Genetic analysis of a large Han Chinese family line with schizoaffective psychosis
Liping Zeng,
Ziyun He,
Di Liu,
Kai Li,
Kesheng Gu,
Qi Sun,
Guisen Mei,
Yingxue Zhang,
Shengkai Yan,
Feng Zhang
Affiliations
Liping Zeng
The Clinical Laboratory of No.984 Hospital of the People's Liberation Army, Beijing, 100094, China; Corresponding author. NO.984 Hospital of the People’s Liberation Army, Beijing, China
Ziyun He
College of Laboratory Medicine, Zunyi Medical University, Zunyi, 563006, China
Di Liu
The 3rd People's Hospital of Heilongjiang Province-Qinhuangdao Branch, Qinhuangdao, 066001,China
Kai Li
The Clinical Laboratory of No.984 Hospital of the People's Liberation Army, Beijing, 100094, China
Kesheng Gu
The Clinical Laboratory of No.984 Hospital of the People's Liberation Army, Beijing, 100094, China
Qi Sun
The Clinical Laboratory of No.984 Hospital of the People's Liberation Army, Beijing, 100094, China
Guisen Mei
The Clinical Laboratory of No.984 Hospital of the People's Liberation Army, Beijing, 100094, China
Yingxue Zhang
The Clinical Laboratory of No.984 Hospital of the People's Liberation Army, Beijing, 100094, China
Shengkai Yan
College of Laboratory Medicine, Zunyi Medical University, Zunyi, 563006, China
Feng Zhang
College of Laboratory Medicine, Zunyi Medical University, Zunyi, 563006, China; Beijing Institute of Genomics, Chinese Academy of Sciences No. 1 Beichen West Road, Chaoyang District, Beijing, 100800, China; Ori-Gene (ShangDong)Science and Technology Co., Ltd, 261000, China; Corresponding author. College of Laboratory Medicine, Zunyi Medical University, Zunyi, China.

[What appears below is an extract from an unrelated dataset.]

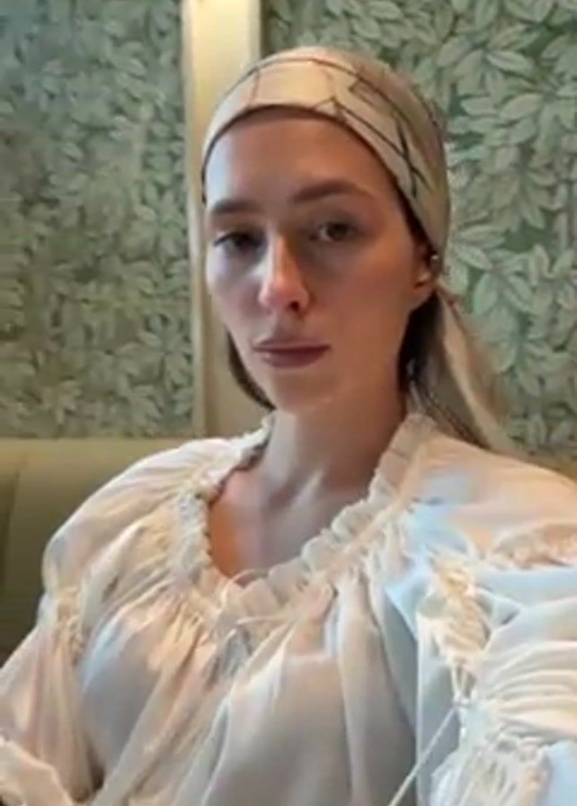 A fair-skinned woman with light brown hair, wearing a patterned headscarf and a white blouse with a gathered neckline and sleeves, sits in a chair or booth against a wall with a floral-patterned wallpaper. The woman looks directly at the camera. The camera is held at eye level and moves slightly during the short video.

To locate the specific susceptibility genes of a high incidence of schizoaffective disease (SAD) with autonomic dominant inheritance, we recruited a family group from Henan Province with a high incidence of SAD, including 19 individuals sampled from five generations.We used a genome-wide high-density SNP chip to perform genotype detection. The LINKAGE package and MENDEL programs were used for. The two-point and multipoint analyses were calculated by Merlin and SimWalk2 software to obtain the nonparametric linkage (NPL) value, corresponding P value, and parameter linkage limit of detection (LOD) value.Genome-wide linkage analysis yielded a significant linkage signal located on the short arm of chromosome 19. In the dominant genetic model, the LOD of the multipoint parametric analysis was 2.5, and the nonparametric analysis was 19.4 (P < 0.00001). Further haploid genotype analysis localized the candidate region in the 19p13.3–13.2 region, beginning at rs178414 and ending at rs11668751 with a physical length of approximately 4.9 Mb. We believe that the genes responsible for SAD are in this region.